#### What you are asked to do:
Where the data below begins, start duplicating lines exactly, and finish with the line containing "The open plan"; add nothing else. Leave the pictures out.

(Stored items from a collection)
# # #
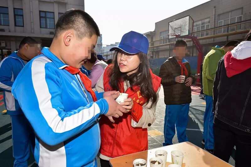“小花盆,放满土;埋蒜瓣,露出头;浇满水,晒太阳;一天一天就长大……”伴随着不太整齐却也尽心发出的清脆声音,我们把目光转向天津市津南区培智学校,那里正在进行着一场特殊的升旗仪式,学生们正用自己的方式来迎接植树节的到来。
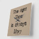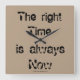Schöne Uhr mit einer schönen Botschaft: "Die richtige Zeit ist immer jetzt". Die Hintergrundfarbe ist veränderbar.
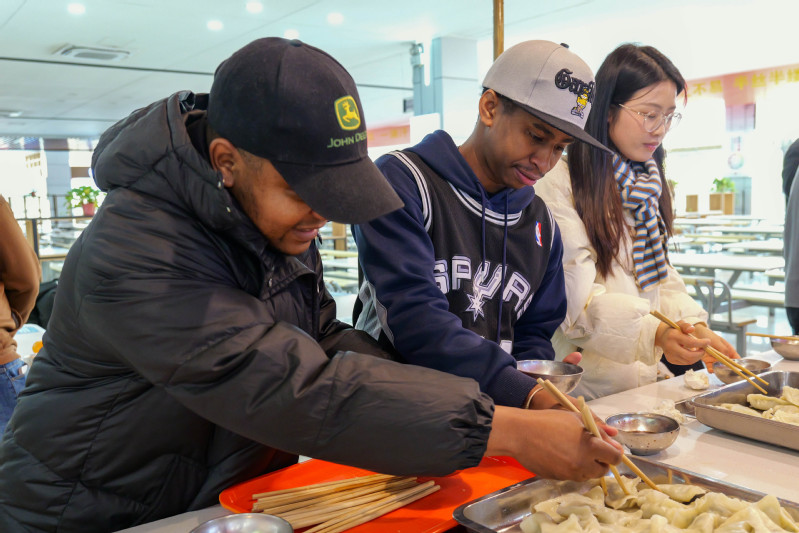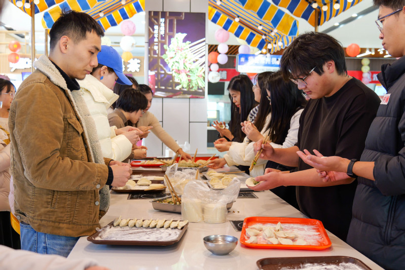 辅导员们有序地分成若干小组,围聚在摆满食材的桌案周围,拿起饺子皮与馅料投入到包饺子的过程中,在不断尝试与交流中逐渐熟练掌握包饺子的巧妙手法与诀窍。
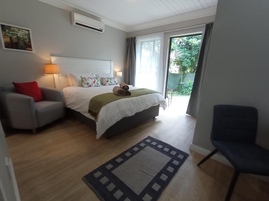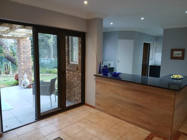 The open plan living area has a new granite top kitchen and gas /electric stove. A folding door opens on a patio and takes you into the garden. The main bedroom has air conditioning and a walk in cupboard (presently used as a kitchenette for Air B&B rental).The separate open plan flatlet on two floors has a staircase.
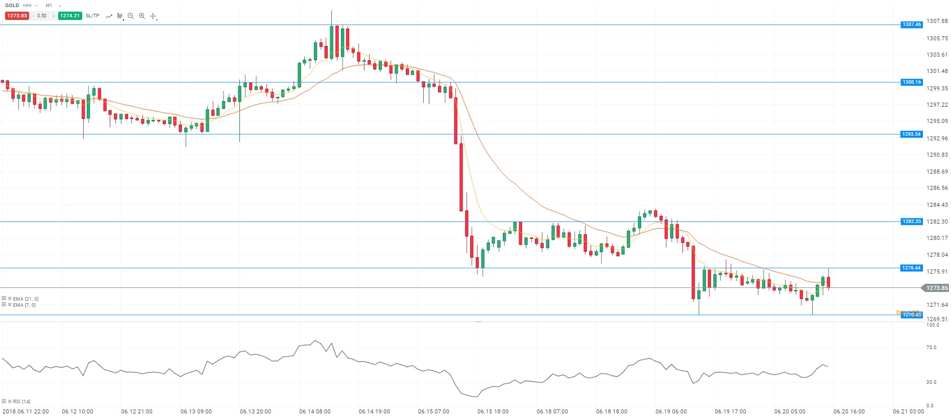 Pour l’heure, l’actif se stabilise sur le niveau des 1 273 dollars l’once. Les Bourses européennes retrouvent des couleurs tandis que les contrats futures américains sont orientés à la hausse. Dans l’attente d’un nouveau rebondissement dans le dossier commercial entre la Chine et les Etats-Unis, les opérateurs semblent revenir sur les actifs "risqués". Cependant, la prudence reste de mise. En effet, le rendement de l’obligation allemande de maturité dix ans repart à la baisse sur le niveau de 0,67%. Sur le marché des changes, la paire EURUSD n’arrive pas à s’affranchir du niveau de 1,16 dollar. La vigueur du dollar pénalise l’or. Enfin, le yen perd du terrain, la monnaie japonaise étant considéré comme une valeur refuge. Sur un plan technique, les prix oscillent autour des moyennes mobiles (à 7 et 21 périodes) en unité de temps horaire (H1). Le RSI est orienté à la hausse vers sa zone de neutralité. Pour conclure, nous avons un biais neutre sur l’actif.
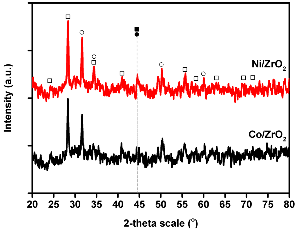 XRD pattern for Ni/ZrO2 and Co/ZrO2 catalysts after reduction at 600 °C; (●) peaks correspond to metallic Ni, (■) peaks correspond to metallic Co, (□) peaks correspond to monoclinic phase of ZrO2 (m-ZrO2) and (○) peaks correspond to tetragonal phase of ZrO2 (t-ZrO2).
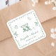 Whimsical Green Wavy Frame Wedding Square Sticker
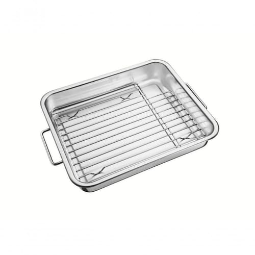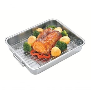 - Totalmente feita de aço inox mantêm suas características , preservando a beleza, a higiene e a durabilidade do material. - Acabamento fosco. - Possui grelha, possibilitando que a gordura fique separada do assado, garantindo cozimento uniforme e saudável. - Possui alças de aço inox que facilita o manuseio. - Pode ser lavada diariamente na máquina de lavar louças. Ean: 7891116005477
# # #
#### Finished task:
“小花盆,放满土;埋蒜瓣,露出头;浇满水,晒太阳;一天一天就长大……”伴随着不太整齐却也尽心发出的清脆声音,我们把目光转向天津市津南区培智学校,那里正在进行着一场特殊的升旗仪式,学生们正用自己的方式来迎接植树节的到来。
Schöne Uhr mit einer schönen Botschaft: "Die richtige Zeit ist immer jetzt". Die Hintergrundfarbe ist veränderbar.
 辅导员们有序地分成若干小组,围聚在摆满食材的桌案周围,拿起饺子皮与馅料投入到包饺子的过程中,在不断尝试与交流中逐渐熟练掌握包饺子的巧妙手法与诀窍。
 The open plan living area has a new granite top kitchen and gas /electric stove. A folding door opens on a patio and takes you into the garden. The main bedroom has air conditioning and a walk in cupboard (presently used as a kitchenette for Air B&B rental).The separate open plan flatlet on two floors has a staircase.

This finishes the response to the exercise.